Even before the pandemic, African countries needed external support to close a $68-108 billion annual infrastructure investment gap, and to provide basic needs such as electricity. In the post-pandemic period, African governments will need to invest even more in expanded digital access, climate resilience, and green growth. Given these needs, a standard SDR allocation will not be nearly enough to alleviate Africa’s current plight.
Most proponents of a new SDR allocation recognize these limitations, but their solution is to redistribute SDRs after the fact. One popular suggestion calls for rich countries to “donate” their allocations back to the IMF, which could then lend to qualifying poorer countries on a case-by-case basis.

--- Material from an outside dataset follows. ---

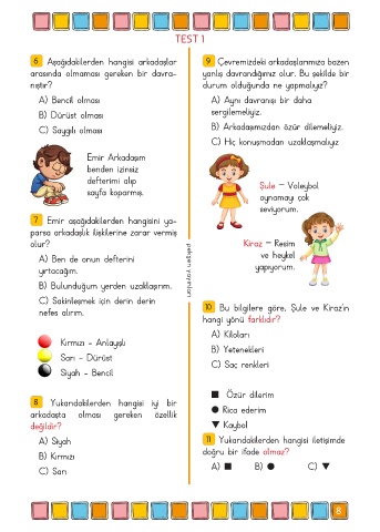 6 Aşağıdakilerden hangisi arkadaşlar 9 Çevremizdeki arkadaşlarımıza bazen

But it is not clear that this would ensure optimal redistribution, which is what really matters. The failure to ensure equitable global access to COVID-19 vaccines illustrates the deficiencies of raising money first and worrying about distribution later. The COVID-19 Vaccine Global Access (COVAX) mechanism was created in April 2020 with an initial funding target of $2 billion, which has now been met. Yet while 47 African countries are eligible for COVAX support, 25 still have not been able to secure any vaccine orders. Moreover, COVAX has so far provided for just 14% of all African vaccine orders, the same percentage that has been procured through an African Union mechanism created in January this year.

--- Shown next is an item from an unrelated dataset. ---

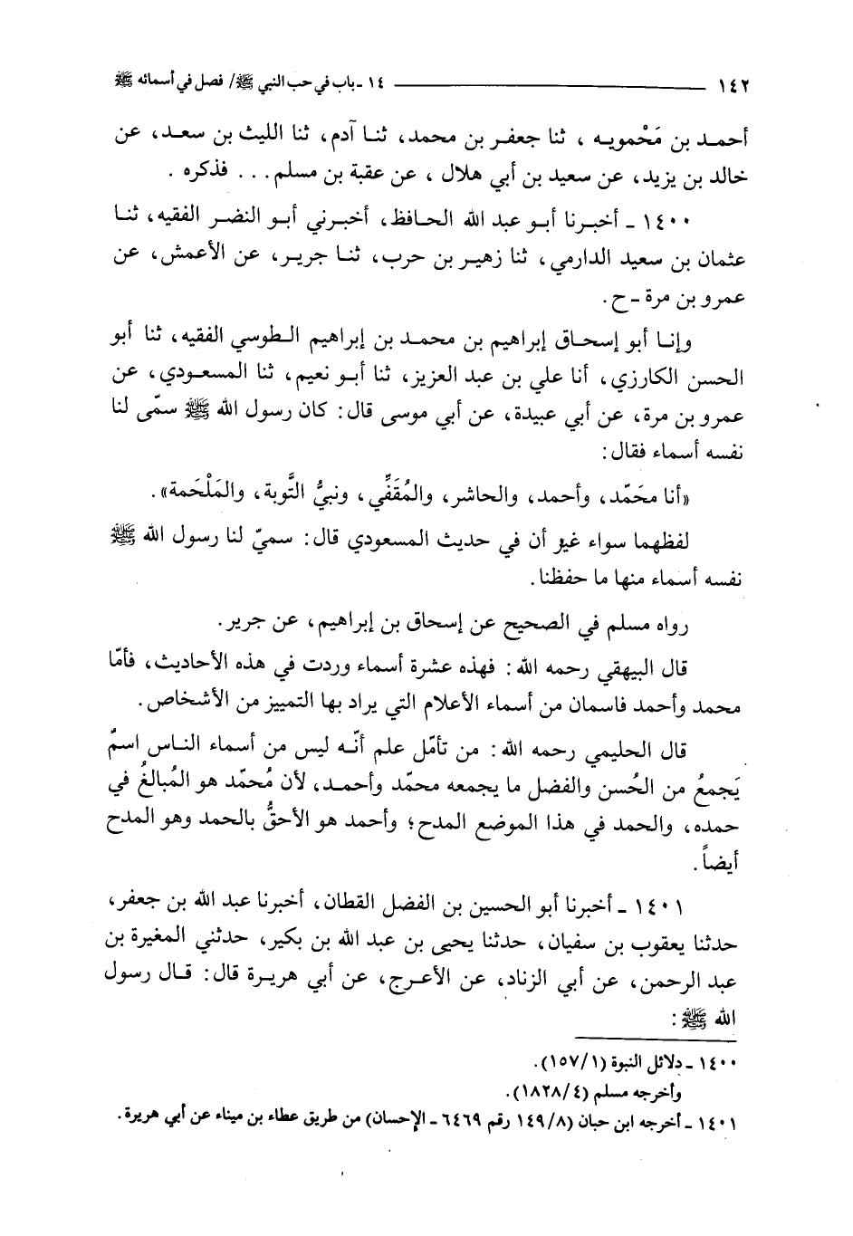 قال البيهقي رحمه الله : فهذه عشرة أسماء وردت في هذه الأحاديث فأما محمد و أحمد فاسمان من أسماء الأعلام التي يراد بها التمييز من الأشخاص

Clearly, distribution cannot be a secondary issue. But maldistribution is not the only risk associated with a standard SDR allocation. Some policymakers see an opportunity to condition reallocated SDRs on developing countries’ introduction of otherwise unpalatable domestic economic reforms such as tax cuts or privatization. The problem with this approach should be well known by now. The IMF and the World Bank attached such strings to economic rescue packages (“structural adjustment programs”) throughout the 1980s and 1990s, and the vast majority of recipient countries ended up in even deeper poverty.
Ever since SDRs were created in 1969, there have been proposals to allocate them disproportionately to poorer countries as a form of development finance. It is now time to pursue this idea in earnest. To ensure that any new issue of SDRs is truly in the developing world’s interests, it should be accompanied by a transparent redistribution plan up front.

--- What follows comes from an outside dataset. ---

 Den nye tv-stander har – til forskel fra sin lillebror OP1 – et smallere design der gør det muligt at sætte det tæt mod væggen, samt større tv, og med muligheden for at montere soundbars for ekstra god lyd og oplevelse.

There are many ideas for how this could work. Our own proposal is that all countries agree now to redirect at least 25% of their new SDRs – the equivalent of $125 billion for a $500 billion allocation – to a new special purpose vehicle through which developing countries make disbursements to each other based on need, and if necessary, with the IMF or World Bank serving as trustee (as is done with the Green Climate Fund). This would ensure that larger sums go to poorer countries, and that the richest countries make the largest relative contributions. Equally important, it would limit the degree to which paternalistic conditions could be imposed.
Whatever happens, Africans like us must shape the agenda to safeguard our own long-term interests. Africa commands more than 50 votes in UN institutions, and 17% of the world’s population. That should count for something.
Hannah Wanjie Ryder, a former diplomat, is CEO of Development Reimagined and Senior Associate at the Center for Strategic International Studies Africa Program. Gyude Moore, a former minister of public works in Liberia, is a senior policy fellow at the Center for Global Development.